When there are two cats living in a house, the people living there usually like one of the cats a lot and the other much less.
* * *
I mostly remember the drugs. Painkillers stolen from Cory’s dad who was on hospice, dying of brain cancer. Weed from Jason, or Terry’s cousin’s friend in California—ounces weighed on digital scales, sacked and sold to kids on campus, smoked out of bongs, bowls, and blunts. Lean from doctors when our throats got sore, throwing up while driving past a cop car after drinking eight ounces in an hour. Adderall from that obese girl on campus, or my friends from back home who practically gave the stuff to me. Vyvanse from Sammy, whose doctor prescribed him 90 a month, or that kid in the dorms who sold beer to underage kids. Xanax from Tiffany, until she moved to China, or Blake who sold the yellow four milligram bars in bulk, shipped from India. LSD, staying up for three days straight and losing my shit until Kara showed up with some Klonopin, marching around campus at 4 AM thinking this is my town and I fucking own this campus, peeing my initials (JC) onto the side of a church.
I remember the junkies. The way their words seemed to slide from their slanted mouths, slimy and slurred or coughed up and short. The way their legs bounced anxiously as they waited—always waited—for Jason to come through with Opana or oxy or heroin or whatever they could find that day. The way their zombie-like eyes shone through eyelids like slits, pupils small as pins. The way they scratched their skin obsessively, like there was something underneath it.
The way I too eventually spoke from the side of my mouth, tapped my foot to that haunting, inaudible rhythm, hung pictures of past with the pins of my eyeballs, scratched unendingly at that incessant, incurable itch.
I remember sleeping on the couch, on the rare occasion that I slept, and the way I felt when people said “This is a sweet place, man” or “Oh, I thought you lived here.” I remember searching “effects of un-cleaned cat pee and feces” on Google, wondering if that was why I coughed so much, was so sick all the time.
I remember the first trip to the hospital, the second trip, and so on.
I remember listening to Gucci Mane, Three Six Mafia, and that band we liked to listen to while tripping—the one with the singer related to Sammy’s friend’s friend or whatever.
I remember the cops parking directly across the street from the apartment, pulling over every car that left the complex for “running the stop sign.”

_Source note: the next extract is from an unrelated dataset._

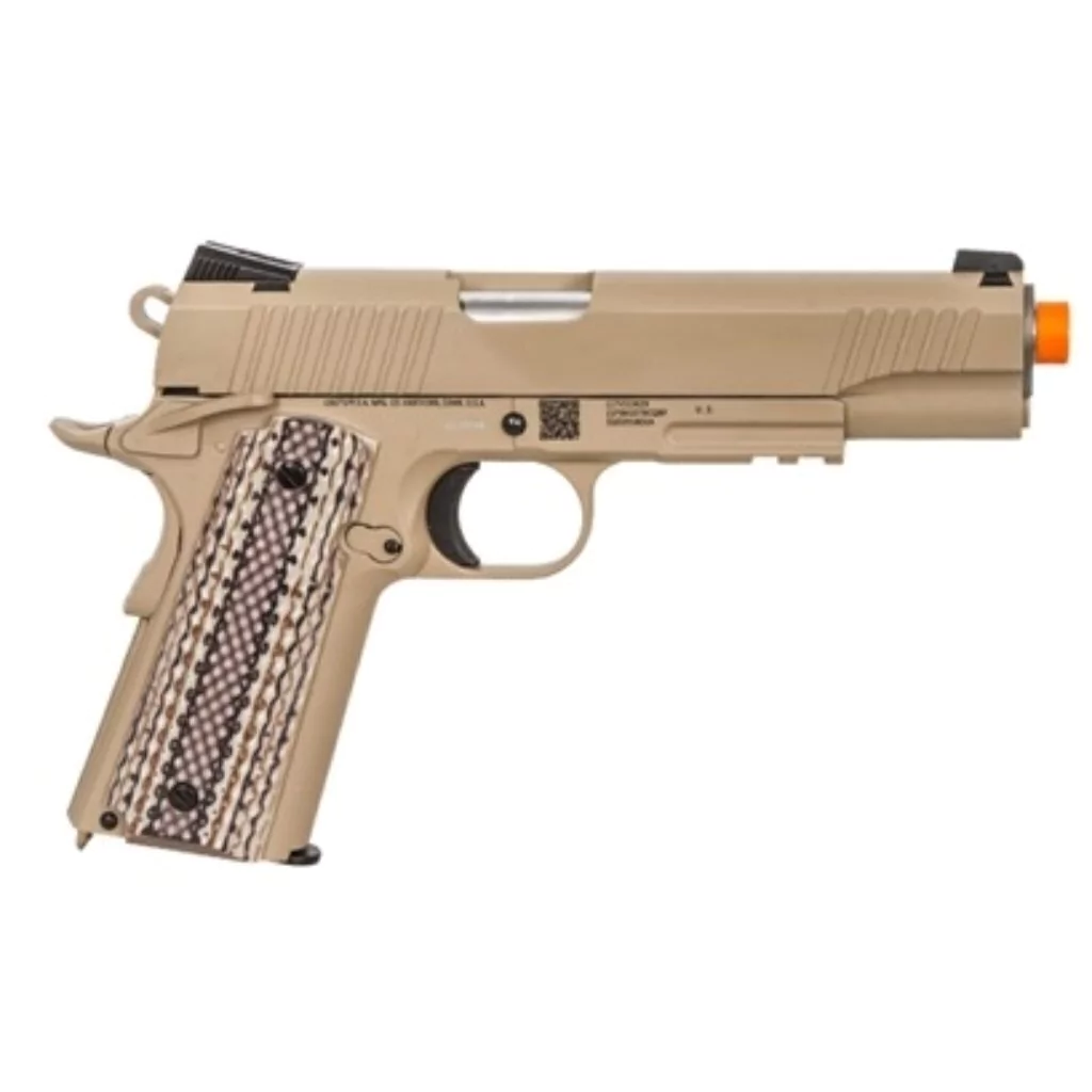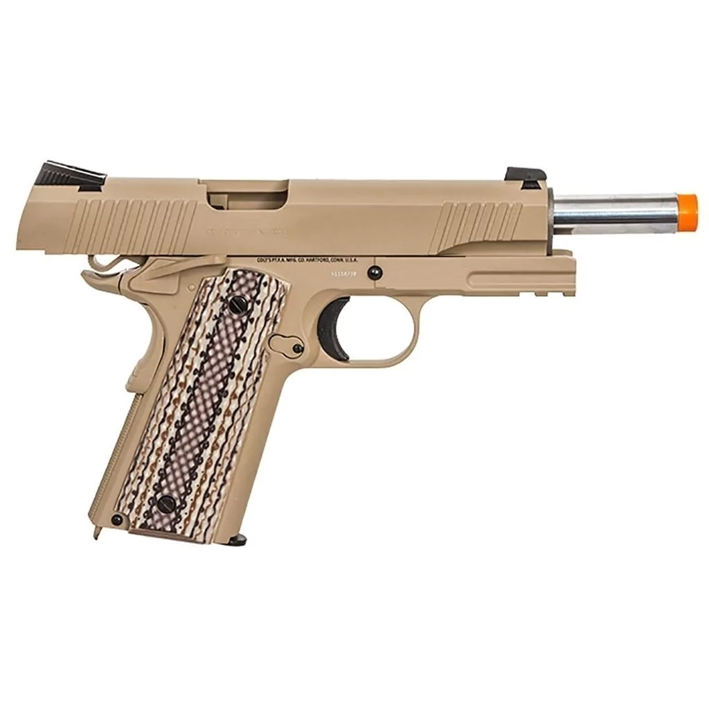 Cybergun adiciona um preço acessível Cybergun Colt M45A1, estilo MEU, Rail CO2 GBB Pistol, lançado em 2016. Você encontrará todas as marcas corretas como Cybergun nos detentores da licença da Colt.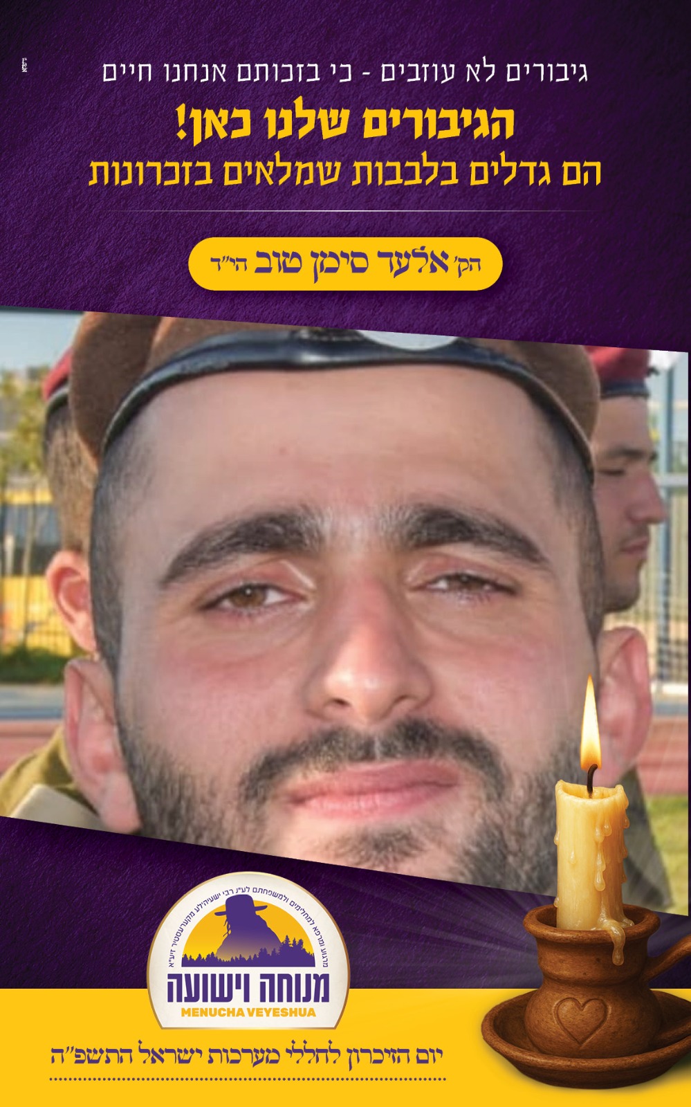 סגן אלעד סימן טוב נפל בקרב ביום ט"ו בתשרי תשפ"ה (16.10.2024). בן עשרים ושלוש בנופלו. הוא הובא למנוחות בבית העלמין הצבאי בפתח תקווה. הותיר אחריו הורים, שני אחים ושלוש אחיות.

I remember the tapestry in the living room. How someone looked it up online and said it stood “for home, love, and family.”
I remember how empty I became. How nothing meant anything and there were drugs to be done and there was money to be made. Thousands of dollars counted on the cigarette-burned carpet; guns next to the bed in the living room; friends disappearing, disappointed, gone.
* * *
Some things I can’t remember include the address of the apartment, what happened when, and everything I talked about doing but never did.
(Source: unrealityhouse.com)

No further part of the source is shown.